How are Workers Chosen for the Committee?

Safety and health committee members are typically chosen by the following method:

  • Employer provides a notice to all staff asking for volunteers from each union group present in the workplace.
  • If the committee can accommodate more than one volunteer from a union group then all volunteers are accepted.
  • If the committee cannot accommodate all the volunteers from one union group, then union members are asked to vote which member they would like to sit on the committee. 
  • If no staff members volunteer, then the union is asked to appoint a committee member from their group of representatives.
  • Management representatives are appointed by the employer.

The employer must not influence the election of the worker members. Any disputes regarding the election process may be referred to a safety and health officer of the Workplace Safety and Health Division of the Dept. of Labour.

Selection of Co-chairs:

Each committee must have two co-chairpersons.
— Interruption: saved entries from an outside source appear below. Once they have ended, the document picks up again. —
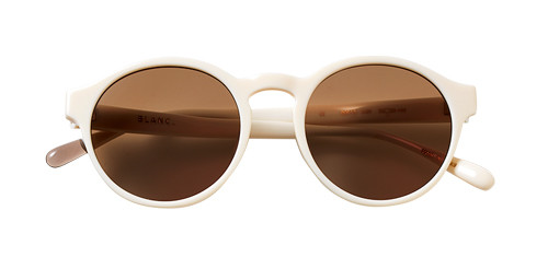 乳白色のフレームと薄めのレンズカラーが洗練された印象の一本は、アイウエアの名産地、鯖江で作られた本格派。サングラス¥27,500/ブラン(ブリンク ベース)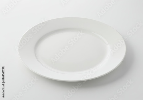 Plain white oval plate on a white surface with soft lighting and subtle shadows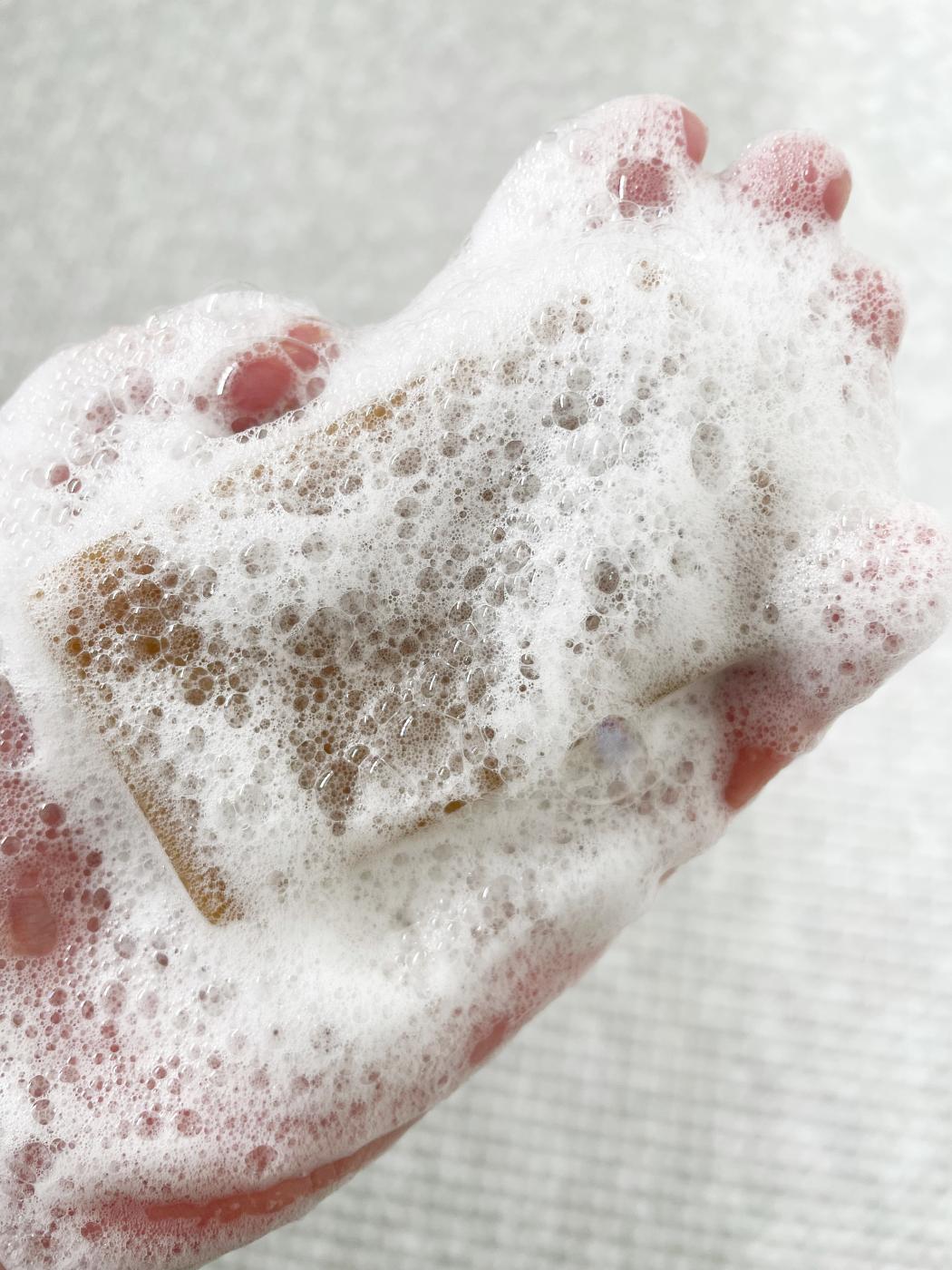 切りっぱなしのナチュラルな石鹸を取り出し、泡立てネットで泡立てていまいきます。
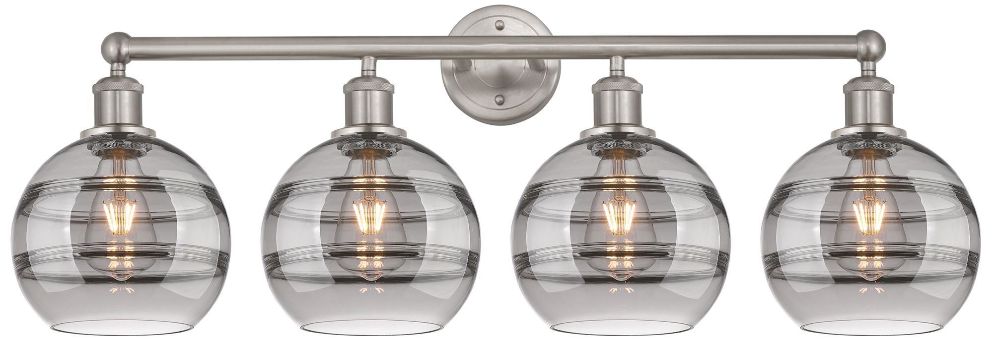 Ballston Rochester 35.88"W 4-Light Satin Nickel Bath Light w/ Smoke Sh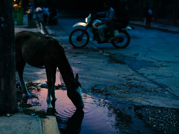 东部的山脉阻挡了海上季风,使得海地境内有两种截然不同的气候:热带气候和半干旱气候。我们途径茂盛的热带雨林,随后植被变为岩石断层带和被侵蚀的山坡,乡村生活不急不缓的节奏也转为城市工业区。街上车辆逐渐密集起来,我们的大巴驶入城中,挤进一片拥堵。汽车鸣笛声起伏,女人们却在其间轻巧地穿行,东西顶在头上;孩子们放学了,涌向家中;牲口群在路边徘徊,而小贩们则见缝插针,随处兜售甘蔗、汽车部件、内衣、电路板、电话、衣服、活禽和药剂,还支起了理发摊子。无事可做的人站在自家门口,静静看着。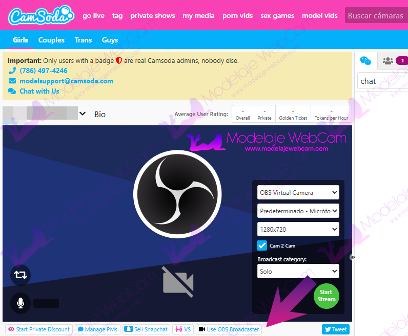 ¿Cómo configurar CamSoda con OBS?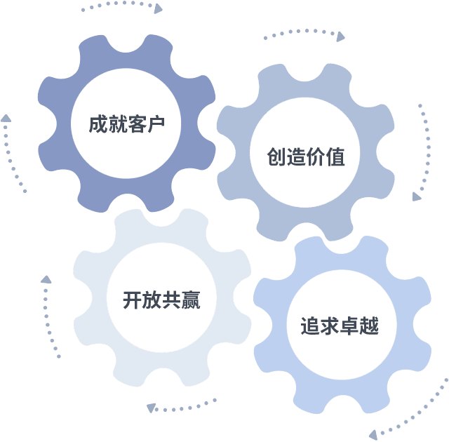成就客户是一切决策的出发点,,创造价值是衡量所有工作的标准,,,,追求卓越是我们做事做人的态度,,开放共赢是我们的格局也是最终的结果。。。。价值观的齿轮环环相扣,,,推动着组织里的每个人不断向前。。。

The management co-chair is chosen by the employer members on the committee and the worker co-chair is chosen by the worker members.

Terms of Office:

Committee members are elected to two-year terms (or a length set out in the union constitution).  Members may continue to hold office until reappointed or re-elected, or until a replacement is appointed or elected.  If at any time a committee member needs to resign their position prior to the end of the two-year term, then the above procedure for choosing a committee member will apply.

How Often do Committees Have to Meet?

In order to carry out its duties, the legislation requires a committee to hold meetings at least once every three months. However given the ten month timeline in a school division, committee meetings should be held during the following months:

  • Meeting 1:  September, October
  • Meeting 2:  November, December, January (considers Winter Break)
  • Meeting 3:  February, March, April (considers Spring Break)
  • Meeting 4:  May, June

The first meeting must be within one month after the committee is established. Committee members must be given at least three days notice that a meeting will be taking place.

Committee co-chairs or worker representatives can call special meetings to deal with urgent matters.

Do all Committee Members Have to be Present for a Meeting?

No. If some members cannot attend a meeting, the meeting can still take place. However, in order
for the committee to make decisions so that any actions can move forward, there must be a quorum.
This means at least half of the worker members and half of the employer members must be present.
Members not able to attend the meeting can have someone attend in their place in order to meet the
quorum. A person replacing an employer member can be chosen by the employer. A person replacing a
worker member must be chosen by the other worker members on the committee.

Does the Workplace Have to be Inspected Prior to each Meeting?

Inspecting the entire workplace at regular intervals is one of the key duties of the committee. For committee members, this means the entire workplace must be inspected, at least once every three months or four times a year. This is the minimum amount of of inspections that must occur during the year.  The size of the workplace, type of activities, number of workers, etc., would be some of the factors that would be taken into consideration by the employer and the representative when determining the frequency of inspections.  This means for higher risk areas, inspections may be required more frequently.  Committees should plan to inspect the workplace shortly before scheduled meetings.

An inspection is a planned walk-through of the workplace to identify safety or health hazards that may be present. An inspection may examine a selected work area or particular hazard, certain types of machinery, tools or equipment, or specific work practices.  Regular inspections have been shown to reduce injuries and illnesses and to improve the internal responsibility system. 

Note: The employer must provide all committee members time during their regular work hours to carry out their duties as a committee member.  This includes time for schedule inspections, investigations, training, committee meetings, etc.